If the number of integers in the sum is odd, we can write the sum in the form
$$(x - k) + \cdots + (x - 2) + (x - 1) + x + (x + 1) + (x + 2) + \cdots + (x + k) = 63$$
where $x$ is the average value of the summands.
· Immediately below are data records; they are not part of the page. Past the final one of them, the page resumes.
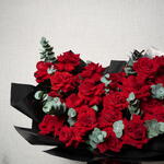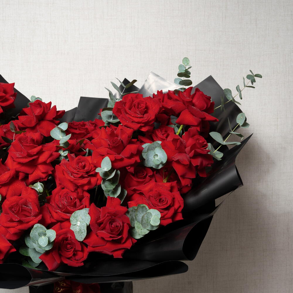 Un gesto de amor impresionante, este ramo presenta 47 rosas rojas completamente abiertas, simbolizando la pasión, la devoción y el sentimiento sincero. El delicado follaje de eucalipto aporta una fragancia suave y romántica, realzando la belleza de cada rosa. Presentado en un lujoso envoltorio negro y atado con una cinta roja, este ramo es la expresión perfecta de un afecto profundo y de un amor duradero.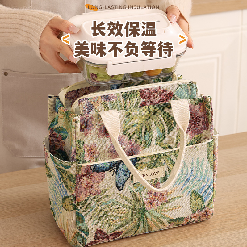 蓓恋国风饭盒袋新款大容量通勤上班族保温包便携手提午餐便当包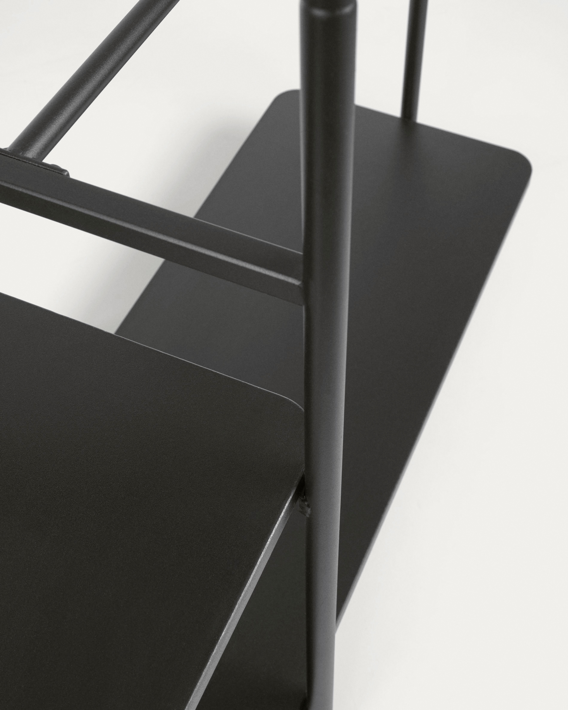 Вешалка для одежды для стен с черными меламиновыми полками. Металлическая конструкция с черной отделкой. Дизайн с минималистскими линиями в черном цвете. Идеально подходит для того, чтобы максимально использовать пространство и добавить стиль в ваш холл, гардеробную или спальню.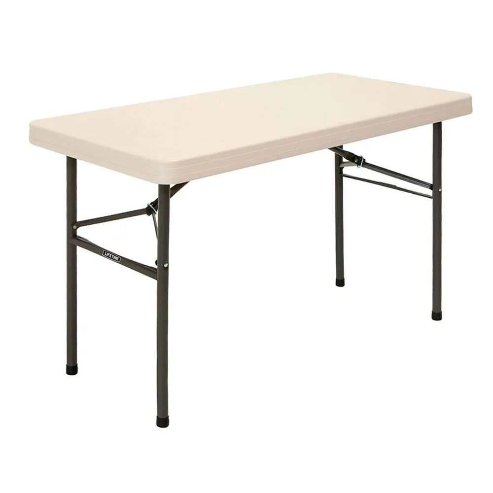 Ultra-resistant LIFETIME folding table with high-density polyethylene top and sturdy structure in steel coated with an anti-rust powder finish.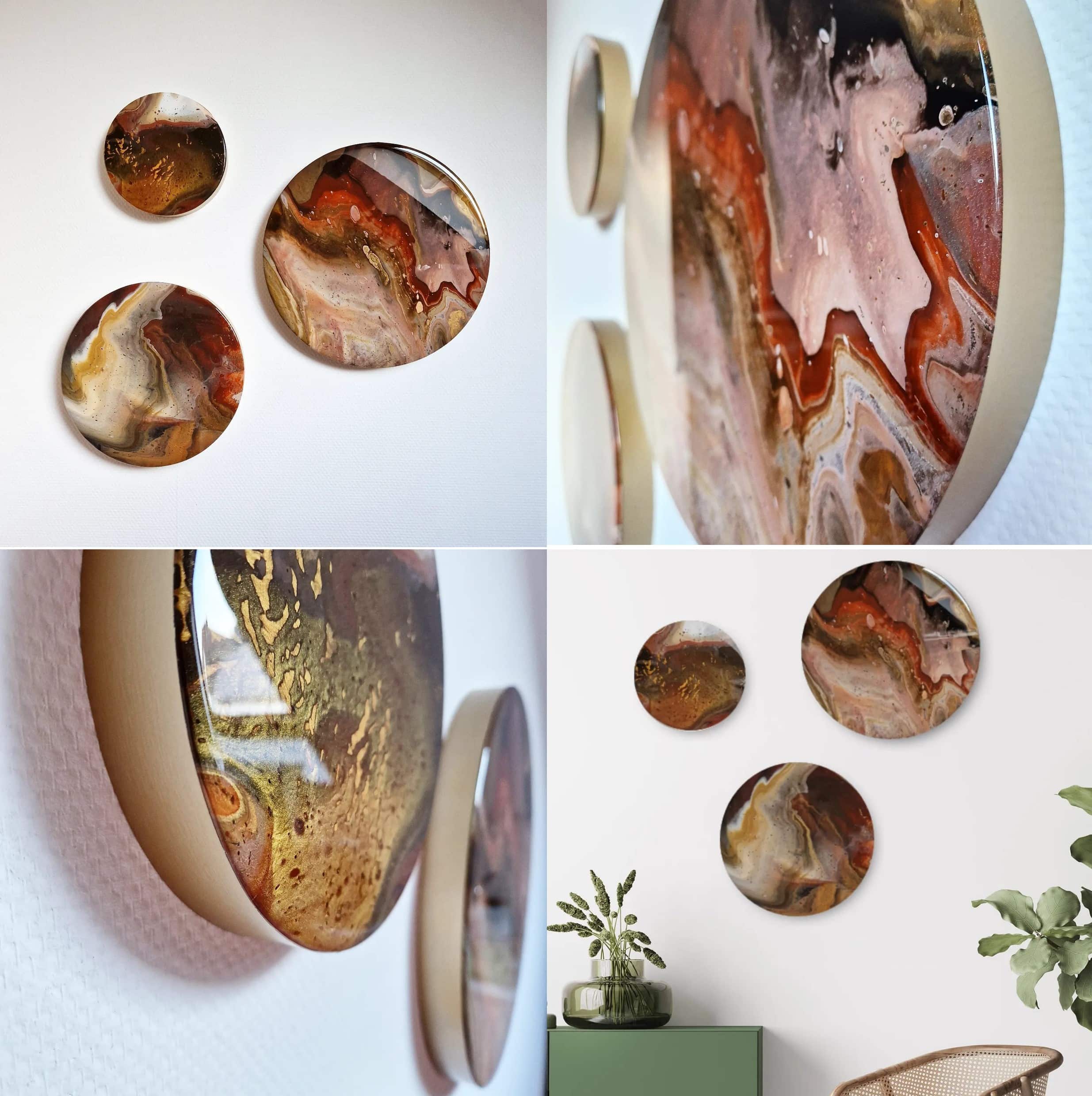 | Materiaal | Resin art: acrylverf + epoxy + goudkleurige aluminium rand |

The above expression simplifies to
$$(2k + 1)x = 63$$
Thus,
$$x = \frac{63}{2k + 1}$$
where $2k + 1$ is a positive integer factor of $63$. If $2k + 1 = 1$, $x = 63$. Thus, $2k + 1 = 3, 7, 9, 21, 63 \implies k = 1, 3, 4, 10, 31$, giving five possible values for $x$, namely $x = 21, 9, 7, 3, 1$. The corresponding sequences are
$x = 21, k = 1$: $(20, 21, 22)$
$x = 9, k = 3$: $(6, 7, 8, 9, 10, 11, 12)$
$x = 7, k = 4$: $(3, 4, 5, 6, 7, 8, 9, 10, 11)$
$x = 3, k = 10$: $(-7, -6, -5, -4, -3, -2, -1, 0, 1, 2, 3, 4, 5, 6, 7, 8, 9, 10, 11, 12, 13)$
$x = 1, k = 31$: $(-30, -29, -28, \ldots, -2, -1, 0, 1, 2, 3, \ldots, 30, 31, 32)$
If the number of integers in the sum is even, we can write the sum in the form
$$(x - k) + \cdots + (x - 2) + (x - 1) + x + (x + 1) + (x + 2) + \cdots + (x + k) + (x + k + 1) = 63$$
The above expression simplifies to
$$(2k + 2)x + k + 1 = 63$$
so
\begin{align*}
(2k + 2)x + (k + 1) & = 63\\
(k + 1)(2x + 1) & = 63\\
2x + 1 & = \frac{63}{k + 1}
\end{align*}
where $k + 1$ is a positive integer factor of $63$. Thus, $k + 1 = 1, 3, 7, 9, 21, 63 \implies k = 0, 2, 6, 8, 20, 62$, giving six possible values of $x$, namely $31, 10, 4, 3, 1, 0$. However, if $k = 62$ and $x = 0$, $x + k + 1 = 63$. Thus, $x = 31, 10, 4, 3, 1$. The corresponding sequences are
$x = 31, k = 0$: $(31, 32)$
$x = 10, k = 2$: $(8, 9, 10, 11, 12, 13)$
$x = 4, k = 6$: $(-2, -1, 0, 1, 2, 3, 4, 5, 6, 7, 8, 9, 10, 11)$
$x = 3, k = 8$: $(-5, -4, -3, -2, -1, 0, 1, 2, 3, 4, 5, 6, 7, 8, 9, 10, 11, 12)$
$x = 1, k = 20$: $(-19, -18, -17, \ldots, -2, -1, 0, 1, 2, 3,
\ldots, 19, 20, 21, 22)$
My thanks to @Unit for pointing out an error in my initial calculation for an even number of summands.